(ACTION ITEM)
Repeat the records below exactly, from the first line through the line containing "山东省淄博市张店区域2024-2025学年下学期4月高二检测语文答案", and leave out any pictures.

======== DATA IN THIS EXERCISE

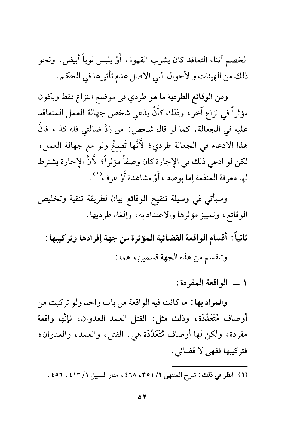 ثانيًا: أقسام الواقعة القضائية المؤثرة من جهة إفرادها وتركيبها:
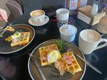 Классная атмосфера ❤️ дружелюбный персонал. Вкусный кофе, мои любимые вафли 🤤
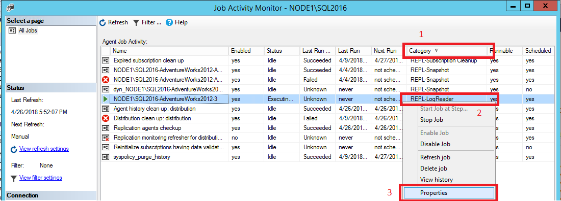 Sort by Category and identify the Log Reader Agent by the REPL-LogReader category.
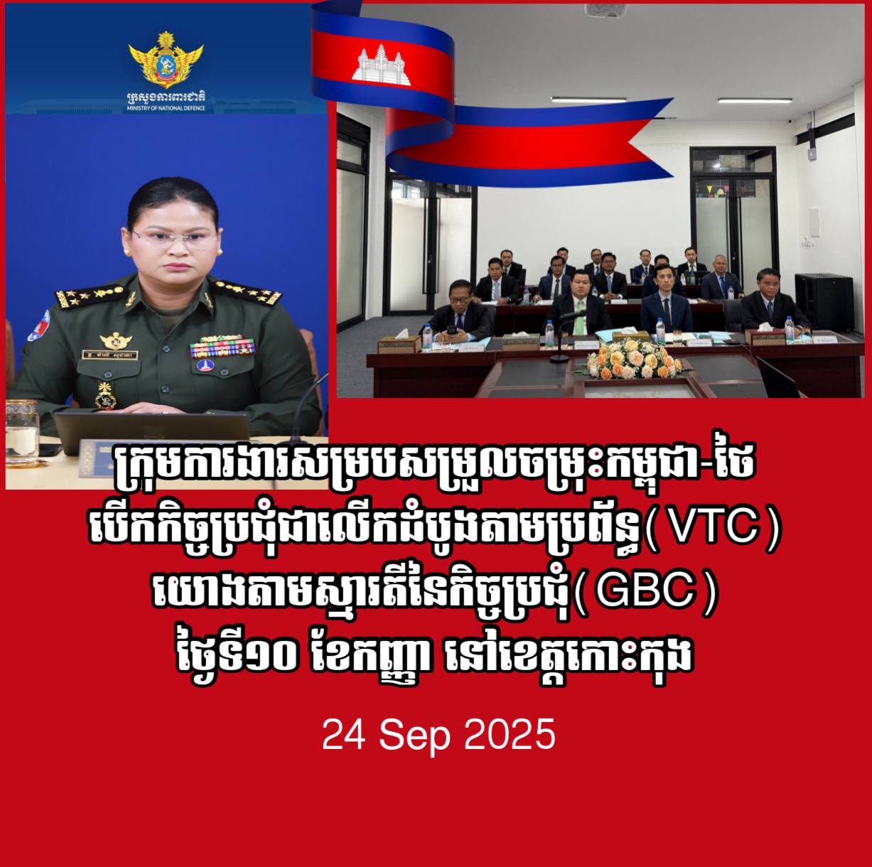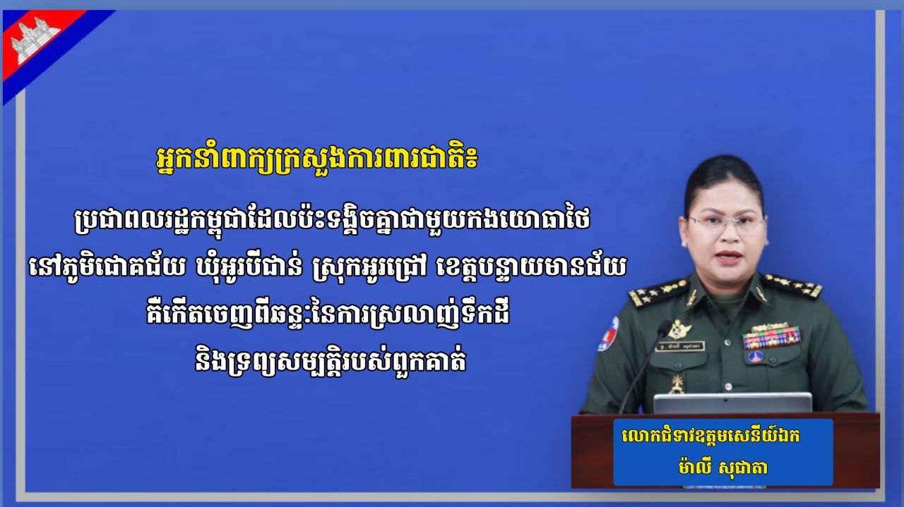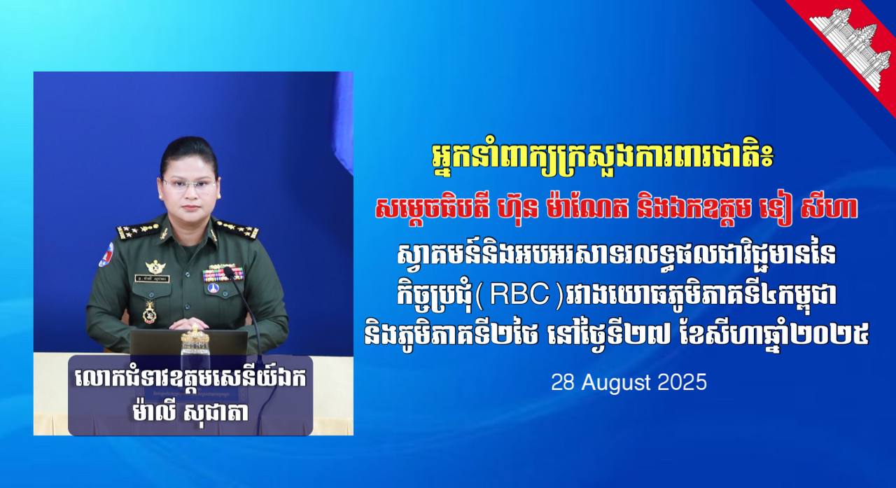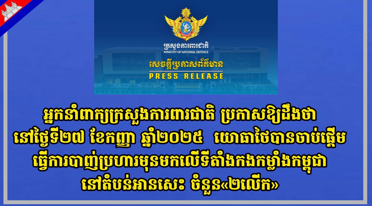យោងតាមការបង្ហោះផ្សាយរបស់ក្រសួងការពារជាតិនៅយប់ថ្ងៃទី២៧ ខែកញ្ញា ឆ្នាំ២០២៥ លោកជំទាវ ឧត្តមសេនីយ៍ឯក ម៉ាលី សុជាតា អ្នកនាំពាក្យក្រសួងការពារជាតិ នៃព្រះរាជាណាចក្រកម្ពុជា បានឱ្យដឹងថា
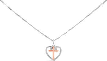 14K Rose Gold Plated Sterling Silver 1/5 Cttw Diamond Heart Cross Pendant Necklace
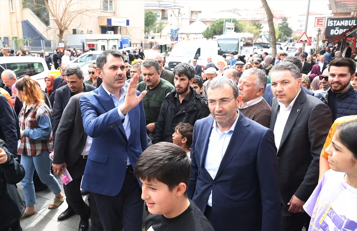 Kaynarca Merkez Camisi'nde vatandaşlarla sohbet edip, fotoğraf çektiren Bakan Kurum, çevredeki esnafı da ziyaret etti.
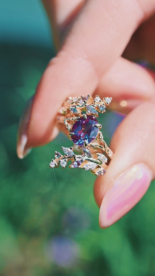 Alexandrite Leaf Engagement Ring Set in 14K Solid Yellow Gold
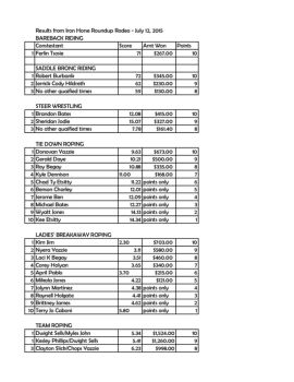 Results from Iron Horse Roundup Rodeo - July 12, 2015 BAREBACK RIDING Constestant Score Amt Won Points 1 Ferlin Tsosie 71 $267.00 10 SADDLE BRONC RIDING
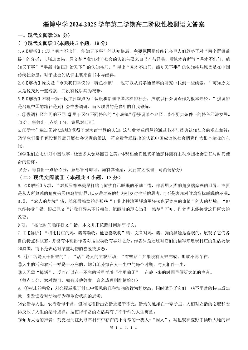 山东省淄博市张店区域2024-2025学年下学期4月高二检测语文答案
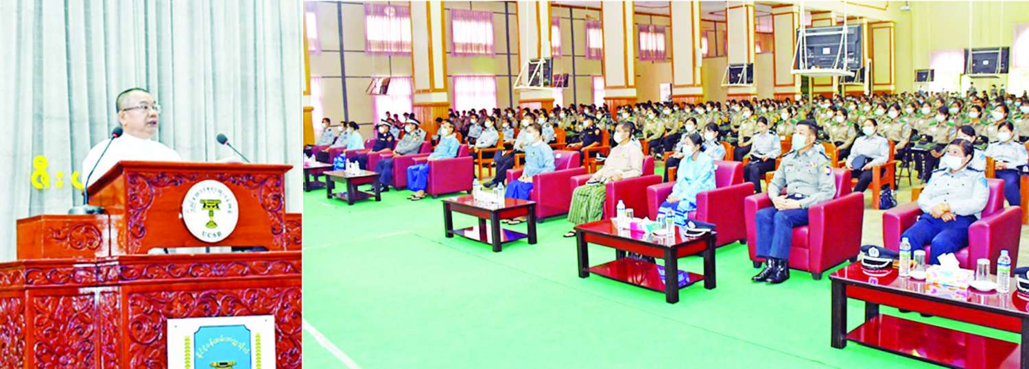 ယခုကဲ့သို့ သင်တန်းကို တက်ရောက်ခြင်းဖြင့် တစ်ဦးနှင့်တစ်ဦး ခင်မင်ရင်းနှီးခြင်း၊ သင်ကြားမှုနှင့် စီမံခန့်ခွဲမှုအတွေ့အကြုံများ အပြန်အလှန် ဖလှယ်ခွင့်ရရှိခြင်း၊ ယဉ်ကျေးမှုဓလေ့ထုံးတမ်းများနှင့် ဒေသန္တရဗဟုသုတများ အပြန်အလှန် လေ့လာနိုင်ခြင်း၊ အတွေးအခေါ် အသိအမြင်များ အချင်းချင်း ဆွေးနွေးနိုင်ခြင်း၊ အချင်းချင်းပူးပေါင်း ဆောင်ရွက်တတ်ခြင်းစသည့် အကျိုးကျေးဇူးများကို ရရှိနိုင်မည်ဖြစ်ပြီး ထိရောက်ကောင်းမွန်သော သင်တန်းဖြစ်သည့်အတွက် ပို့ချပေးသည့် ဘာသာရပ်သင်ခန်းစာများကို လေ့လာမှတ်သားဆည်းပူးပြီး နိုင်ငံ့ဝန်ထမ်းကောင်း တစ်ဦး၏ စိတ်ဓာတ်ရေးရာ၊ စည်းကမ်း၊ ခံယူချက်နှင့် ယုံကြည်ချက်များ ပိုမိုခိုင်မာလာသည့် ဆရာ ဆရာမ များဖြစ်အောင် ကြိုးစားကြရန် တိုက်တွန်းမှာကြားသည်။
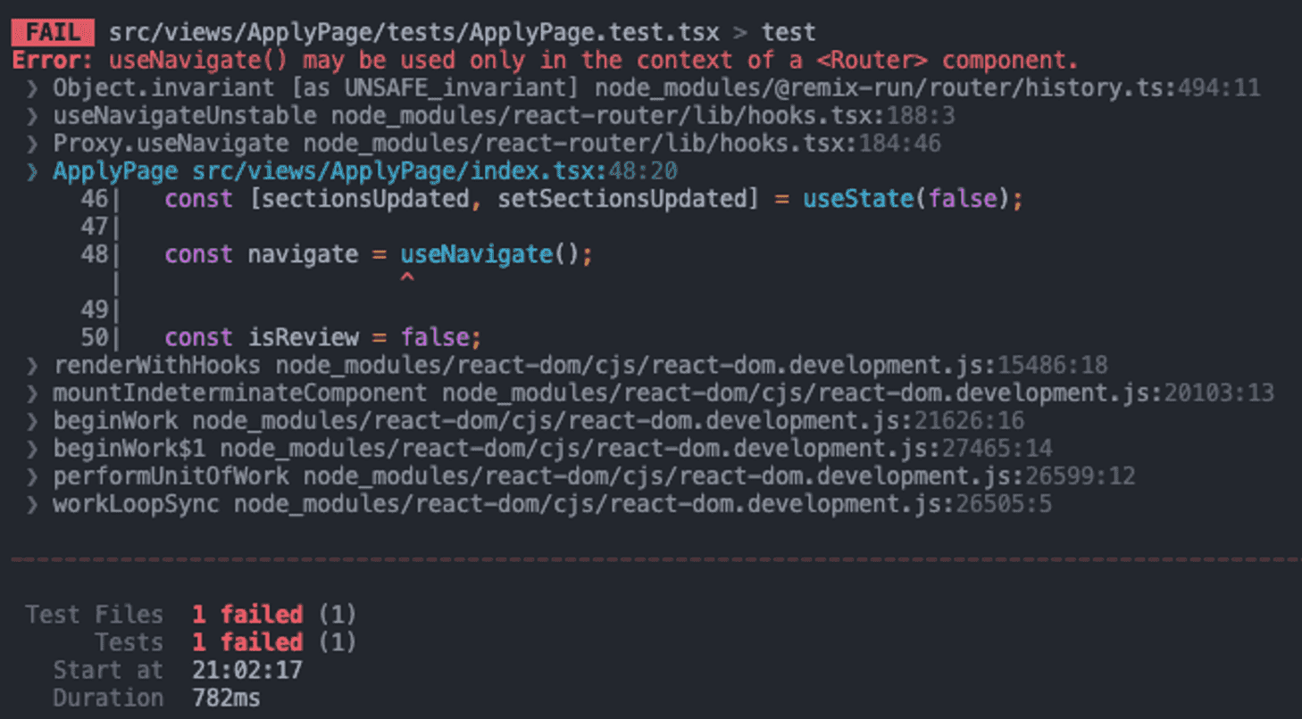 현재 custom render에는 <Router>가 없어서 useNavigate를 사용하지 못한다는 에러였다.
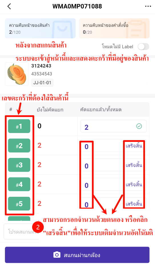 ขั้นตอนที่ 2 สแกนบาร์โค้ด SKU เพื่อเริ่มดำเนินการคัดแยกสินค้า
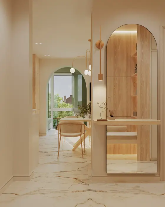 Світлий, стриманий інтер’єр із теплими акцентами золота — ця квартира створена для тих, хто цінує спокій, та естетику.
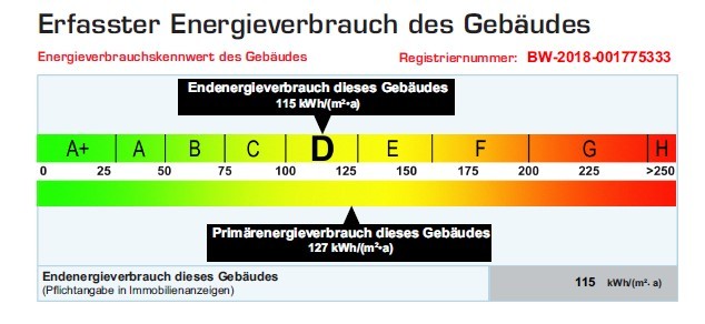 | Endenergiebedarf: | 115,00 kWh/(m²*a) |

================

(EXERCISE RESPONSE)
 ثانيًا: أقسام الواقعة القضائية المؤثرة من جهة إفرادها وتركيبها:
 Классная атмосфера ❤️ дружелюбный персонал. Вкусный кофе, мои любимые вафли 🤤
 Sort by Category and identify the Log Reader Agent by the REPL-LogReader category.
យោងតាមការបង្ហោះផ្សាយរបស់ក្រសួងការពារជាតិនៅយប់ថ្ងៃទី២៧ ខែកញ្ញា ឆ្នាំ២០២៥ លោកជំទាវ ឧត្តមសេនីយ៍ឯក ម៉ាលី សុជាតា អ្នកនាំពាក្យក្រសួងការពារជាតិ នៃព្រះរាជាណាចក្រកម្ពុជា បានឱ្យដឹងថា
 14K Rose Gold Plated Sterling Silver 1/5 Cttw Diamond Heart Cross Pendant Necklace
 Kaynarca Merkez Camisi'nde vatandaşlarla sohbet edip, fotoğraf çektiren Bakan Kurum, çevredeki esnafı da ziyaret etti.
 Alexandrite Leaf Engagement Ring Set in 14K Solid Yellow Gold
 Results from Iron Horse Roundup Rodeo - July 12, 2015 BAREBACK RIDING Constestant Score Amt Won Points 1 Ferlin Tsosie 71 $267.00 10 SADDLE BRONC RIDING
 山东省淄博市张店区域2024-2025学年下学期4月高二检测语文答案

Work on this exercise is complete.